ACTIVITY =>
Without including any images, please transcribe all the lines below exactly.

SUPPLIED MATERIAL =>
+---+

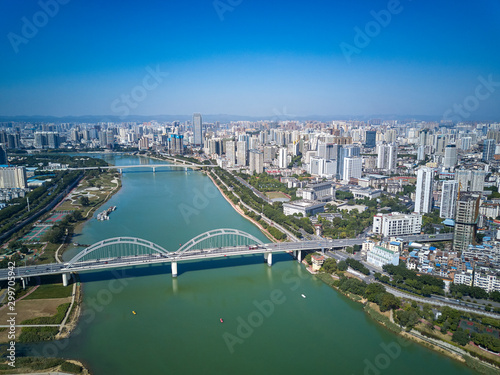 © Steve, Fototapeta premium Aerial photos of high-rise residential area along the river and bridge across the river in the city
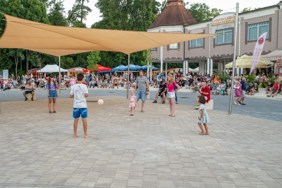 Implemented within the Be Ready project, Hévíz’s pilot demonstrates how a white measure can ease heat stress in intensively used urban spaces where in-ground planting is not possible.
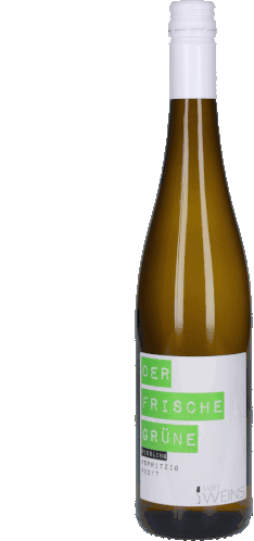 A close-up of a Derfrischegrüne Vanweins wine bottle, showcasing its label with details like 750ml and German text.
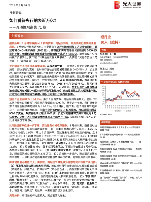 【光大证券】【20210826】如何看待央行缩表近万亿?-8页 行业研究

+---+

SOLUTION =>
 © Steve, Fototapeta premium Aerial photos of high-rise residential area along the river and bridge across the river in the city
 Implemented within the Be Ready project, Hévíz’s pilot demonstrates how a white measure can ease heat stress in intensively used urban spaces where in-ground planting is not possible.
 A close-up of a Derfrischegrüne Vanweins wine bottle, showcasing its label with details like 750ml and German text.
 【光大证券】【20210826】如何看待央行缩表近万亿?-8页 行业研究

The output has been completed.